== Task data

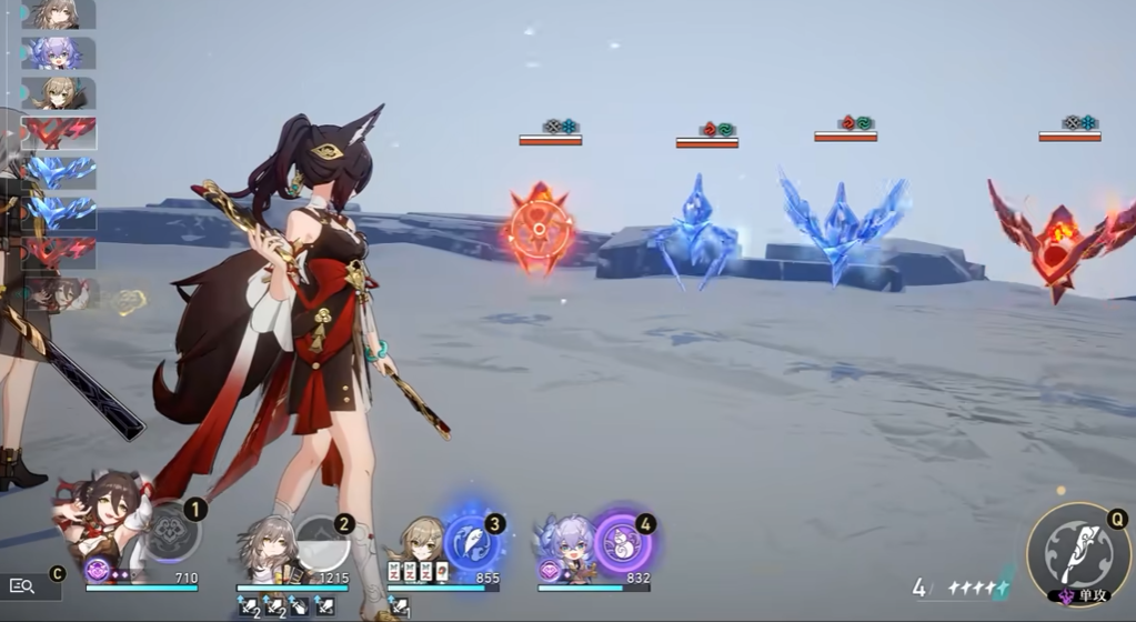 在游戏中使用听云还有一个小技巧,就是在开始战斗之前,释放听云的大招,这样会立即为队伍中的成员提供能量,是有机会做到进场就开大招的,但是需要玩家给听云增加一些挂件来提升充能速度。
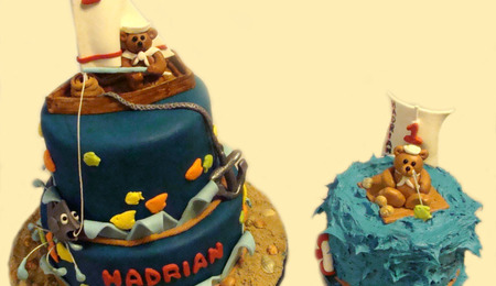 2 tiered baby girl 1st birthday cake, hot air balloon theme
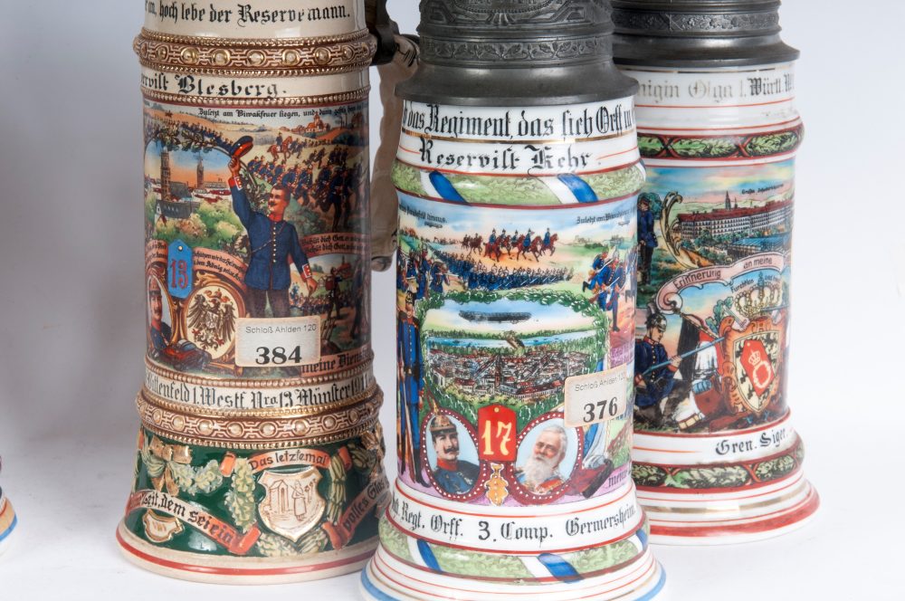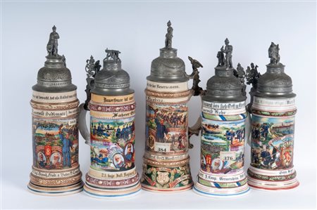 Boccale del riservista, lotto di cinque primo quarto del XX secolo 34 x 11 cm; 30 x 11 cm
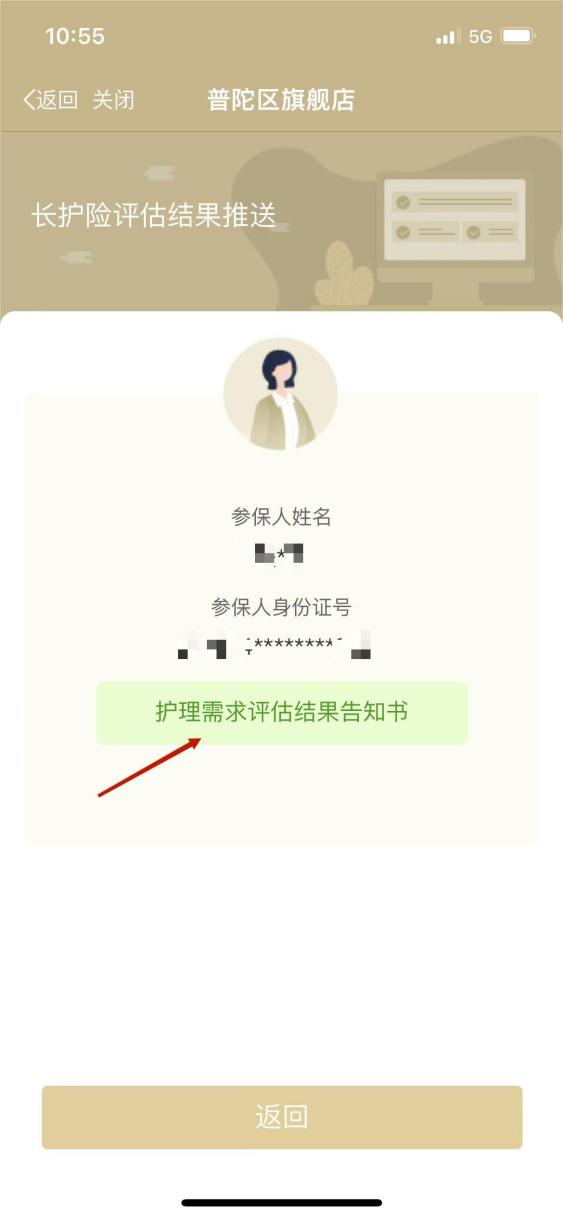 ⑩“长护险评估结果推送”查询结果可展示参保老人的电子版《护理需求评估结果告知书》
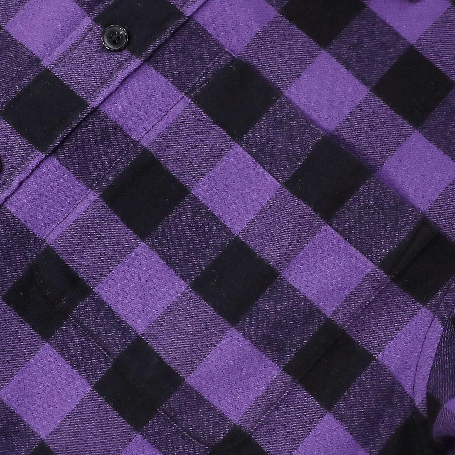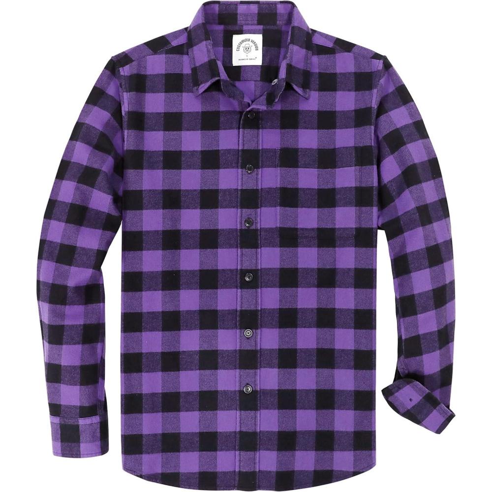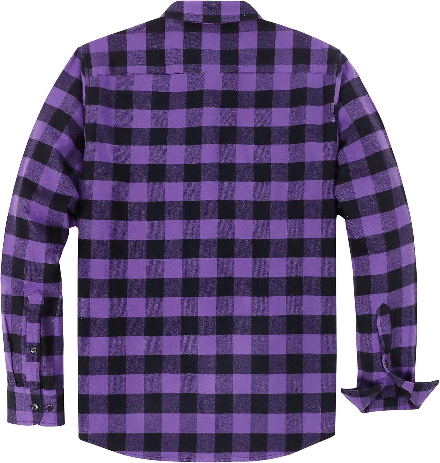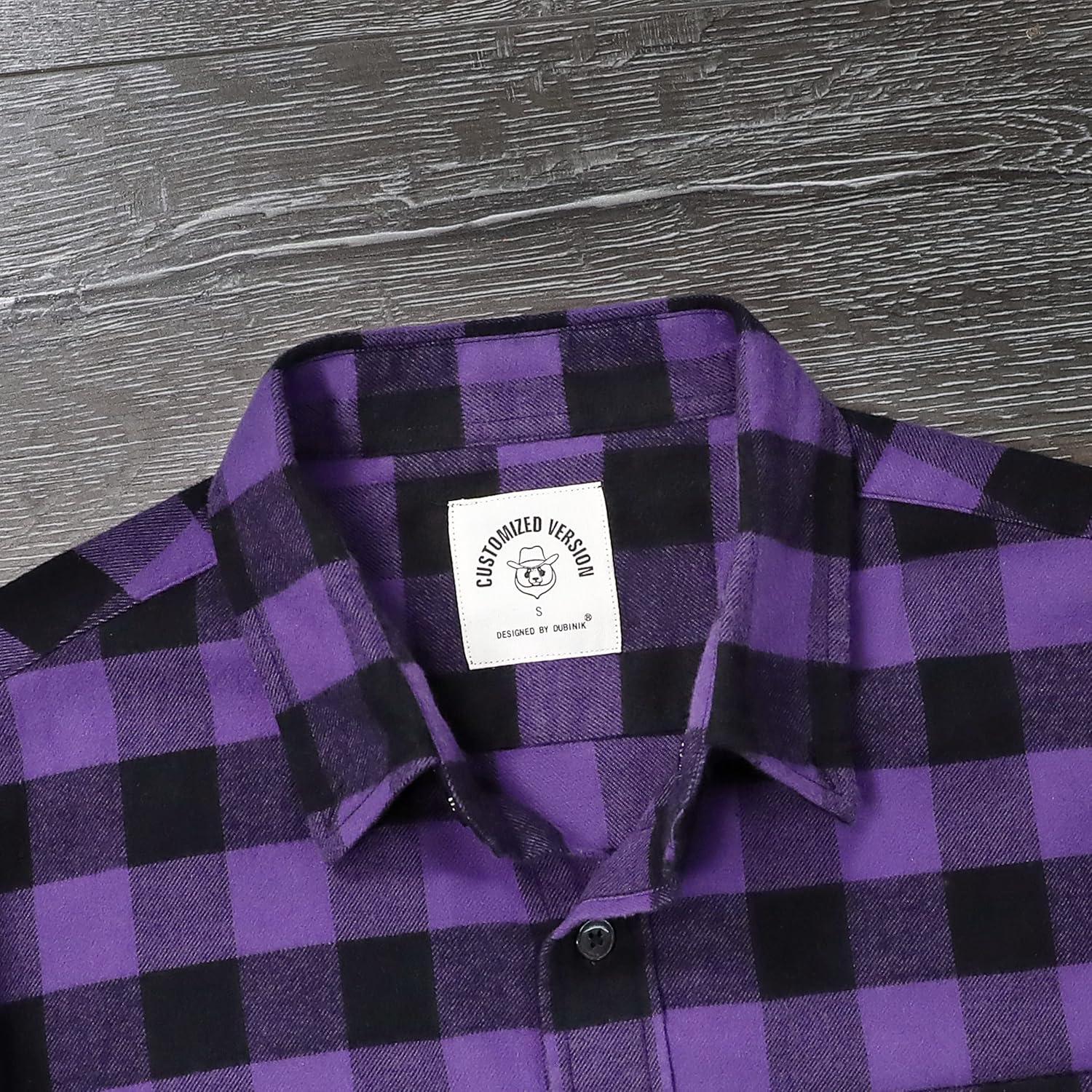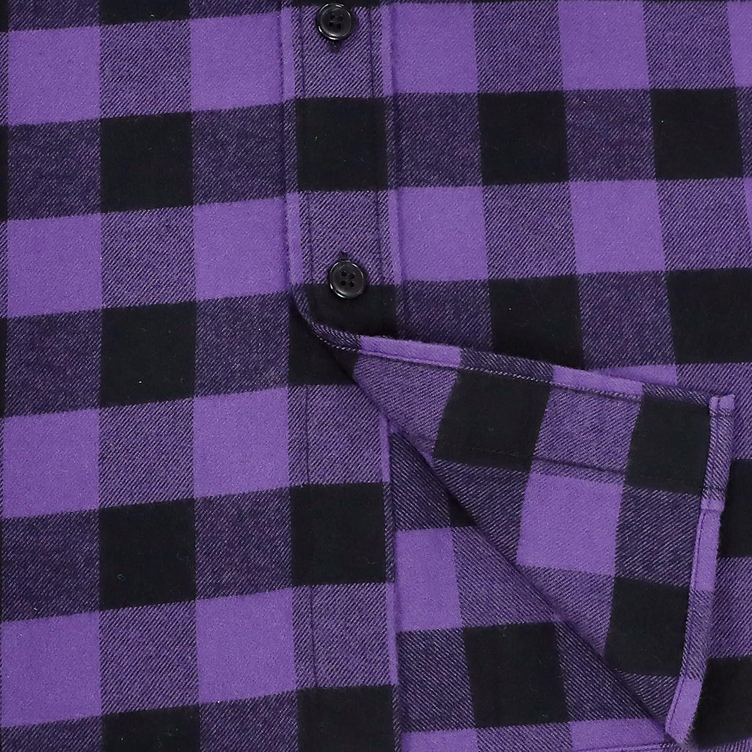 Dubinik® Flannel Shirt for Men Plaid Mens Button Down Long Sleeve Shirts Cotton Casual(A Purple Black)
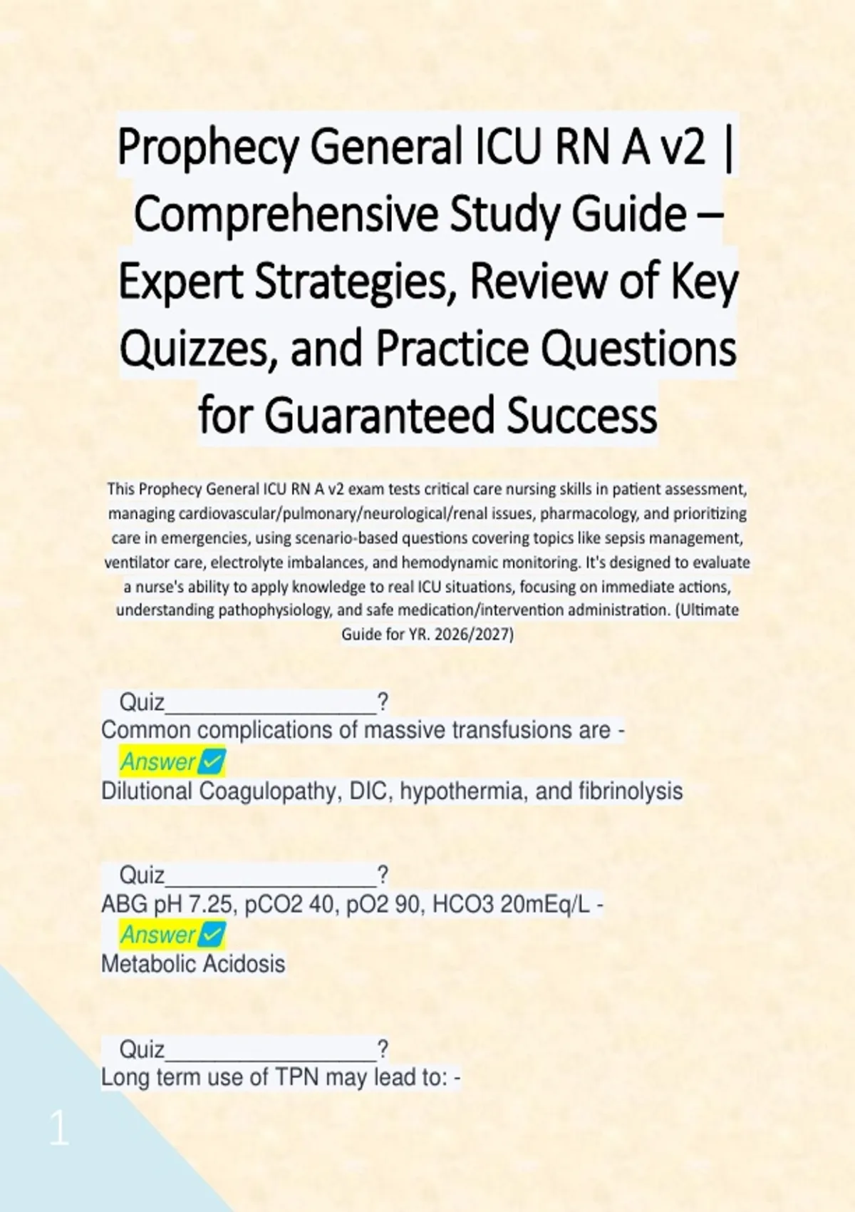 1 Exam (elaborations) Prophecy General ICU RN A v2 | Comprehensive Study Guide – Expert Strategies, Review of Key Quizzes, and Practice Questions for Guaranteed Success This Prophecy General ICU RN A v2 exam tests critical care nursing skills in patient assessment, managing 2 Exam (elaborations) Prophecy General ICU RN A v3 | Comprehensive Study G
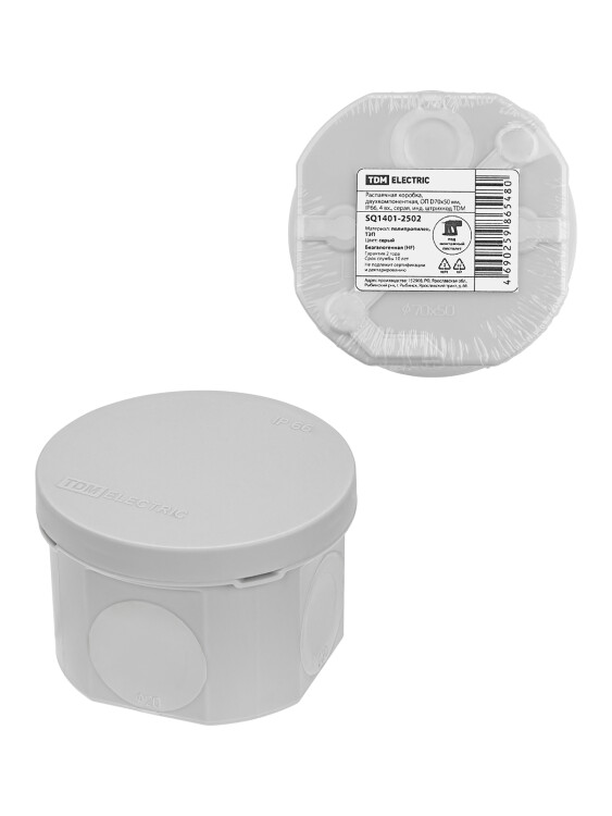 Распаячная коробка, двухкомпонентная, ОП D70х50 мм, IP66, 4 вх., серая, инд. штрихкод TDM

====

*Your goal:*
Every line between the start of the listing and the line containing "1 Exam (elaborations)", both ends counted, needs to be printed exactly, minus the pictures.

*Task solution:*
 在游戏中使用听云还有一个小技巧,就是在开始战斗之前,释放听云的大招,这样会立即为队伍中的成员提供能量,是有机会做到进场就开大招的,但是需要玩家给听云增加一些挂件来提升充能速度。
 2 tiered baby girl 1st birthday cake, hot air balloon theme
 Boccale del riservista, lotto di cinque primo quarto del XX secolo 34 x 11 cm; 30 x 11 cm
 ⑩“长护险评估结果推送”查询结果可展示参保老人的电子版《护理需求评估结果告知书》
 Dubinik® Flannel Shirt for Men Plaid Mens Button Down Long Sleeve Shirts Cotton Casual(A Purple Black)
 1 Exam (elaborations) Prophecy General ICU RN A v2 | Comprehensive Study Guide – Expert Strategies, Review of Key Quizzes, and Practice Questions for Guaranteed Success This Prophecy General ICU RN A v2 exam tests critical care nursing skills in patient assessment, managing 2 Exam (elaborations) Prophecy General ICU RN A v3 | Comprehensive Study G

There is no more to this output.